Wang, Yizhou is a professor in the Department of Computer Science and technology, School of EECS, and has served as the Vice Director of the Institute of Digital Media since 2010. He obtained his Bachelor degree from Tsinghua University in 1996, and Ph.D. from University of California at Los Angeles (UCLA) in 2005. His research interests include computer vision and statistical learning.
Dr. Wang has published over 100 research papers, and most of them are published in top-tier conferences and journals, such as IEEE-TPAMI, IJCV, CVPR, ICCV and NIPS. He is an associate editor of IEEE Trans. on Cognitive and Developmental Systems. He has served as co-program chair and member of organizing committee for a number of international prestigious academic conferences. He was granted “the National Natural Science Funds for Distinguished Young Scholar” in 2016.
Dr. Wang has more than ten research projects including NSFC, 973 programs, 863 project, etc. His research achievements are summarized as follows:
1) Attentional mechanisms and computational models: Discovering and modeling the key visual perceptual processes have both scientific and practical values. Dr. Wang and his collaborators proposed novel psychophysical and the physiological approaches to discover the neural basis of bottom-up saliency map of natural images. Based on the findings a new computational model of visual saliency was devised from the information maximization principle. He also proposed a novel computational model to simulate the dynamic trait of human attention on natural images by integrating both bottom-up and top-down perceptual mechanisms.

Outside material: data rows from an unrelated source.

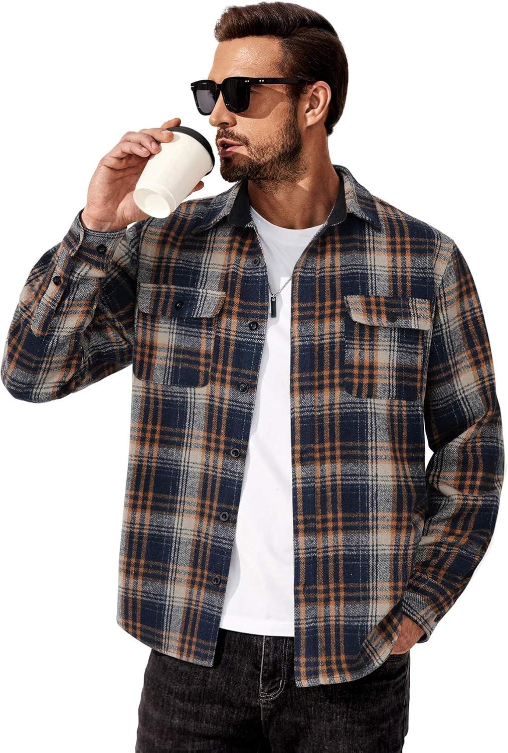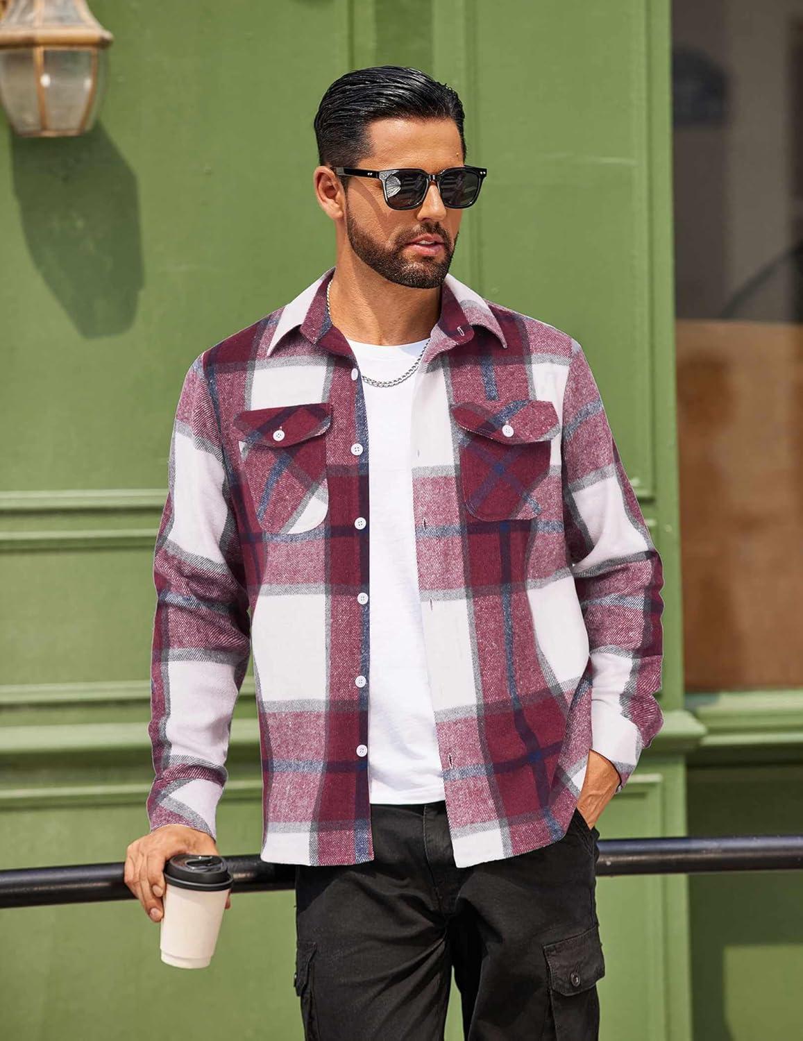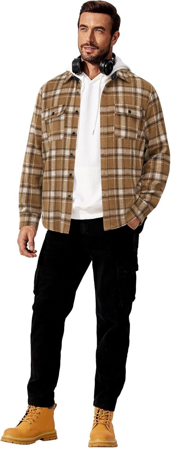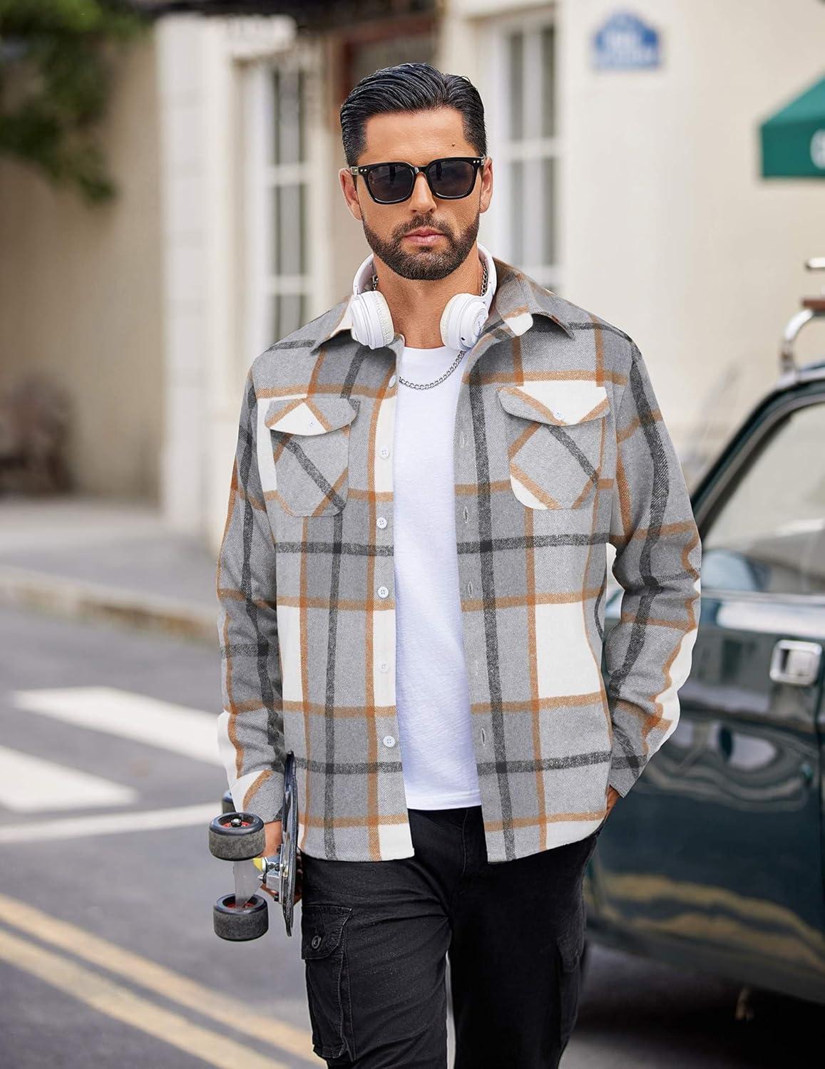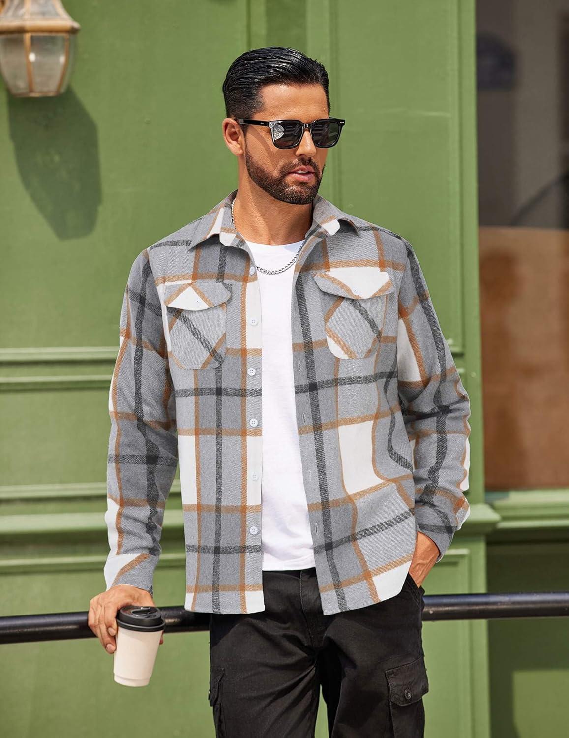 • COOFANDY Men Flannel Shirt Casual Button Down Shirt Jacket Long Sleeve Plaid Shirts with Pockets(Grey Brown)
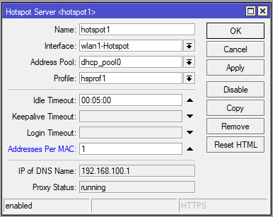 Konfigurasi limitasi mac address device agar satu akun hanya bisa dipakai satu mac address pada menu IP > Hotspot > Servers > hotspot1.
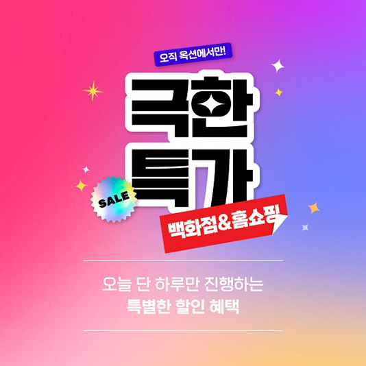 옥션, 14일 단 하루 백화점·홈쇼핑 ‘극한특가’신세계그룹 계열 이커머스 옥션이 14일 하루 동안 ‘극한특가’ 프로모션을 열고, 백화점 및 홈쇼핑 인기 상품을 할인가에 판매한다.
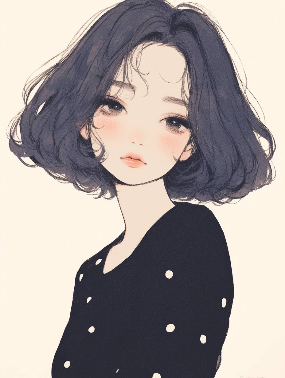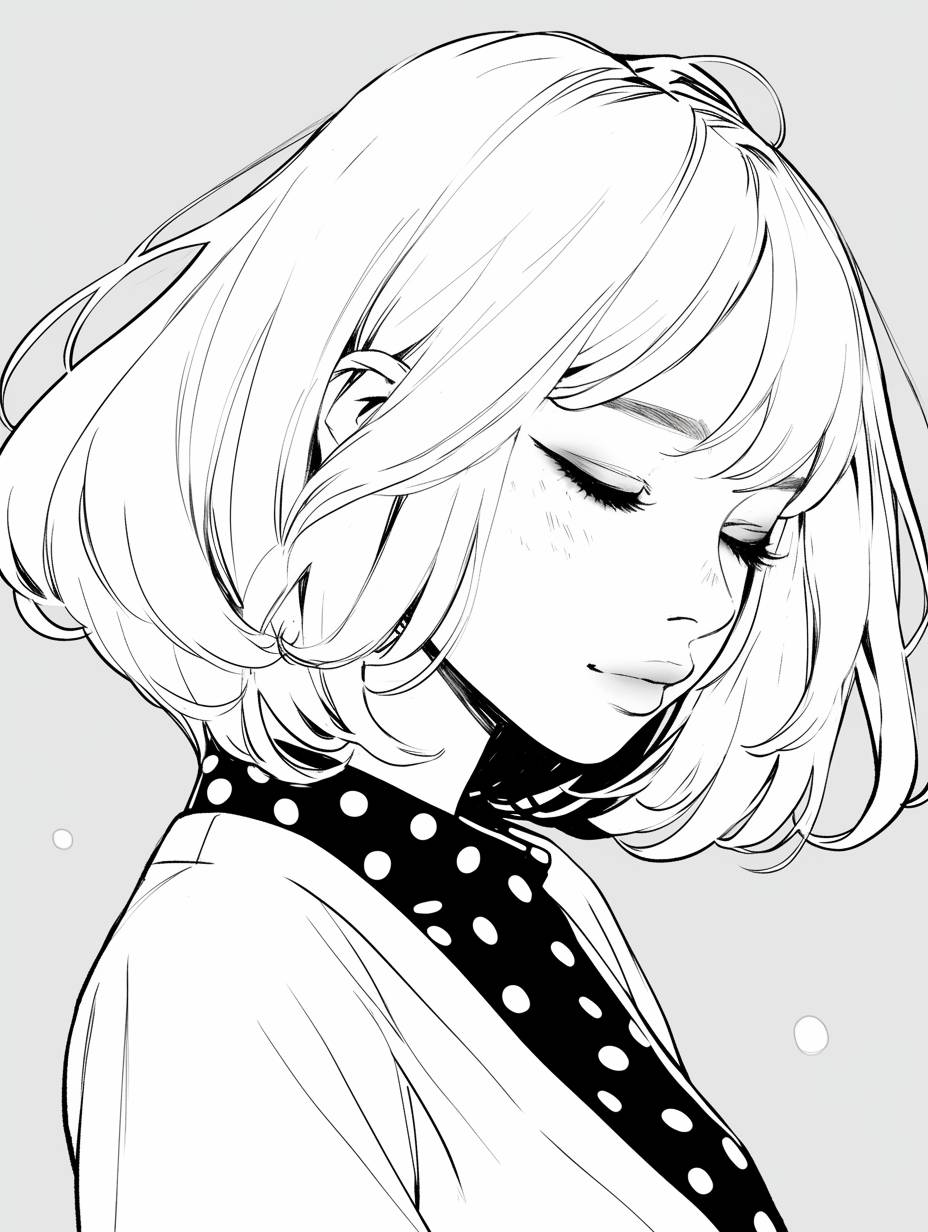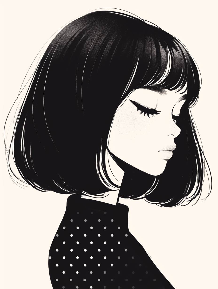 Einfach und niedlich: Linienkunst einer Frau mit kurzen Haaren und Punkten.

2) Structured sparsity pursuit: This is a key feature of natural image content. He proposed efficient methods to enforce structured sparsity prior on foreground and low rank prior on background so that figures can be accurately separated from backgrounds. The proposed optimization algorithms reveal the underlying connection between discrete optimization and continuous optimization.
3) Object and scene structure analysis: This is a core area of current computer vision research. Many convincing psychological evidences suggested that parts play a significant role in object/scene perception and recognition. He introduced perceptual cues to decompose objects into semantic parts and proposed a computational model to measure “perceptual importance” of the parts and harness the measure to improve object detection/recognition. He also proposed a weakly supervised method to learn hierarchical structures of natural scenes for image understanding. The method suggests a novel means of turning the notorious hard structure learning problem into a much easier parameter learning problem.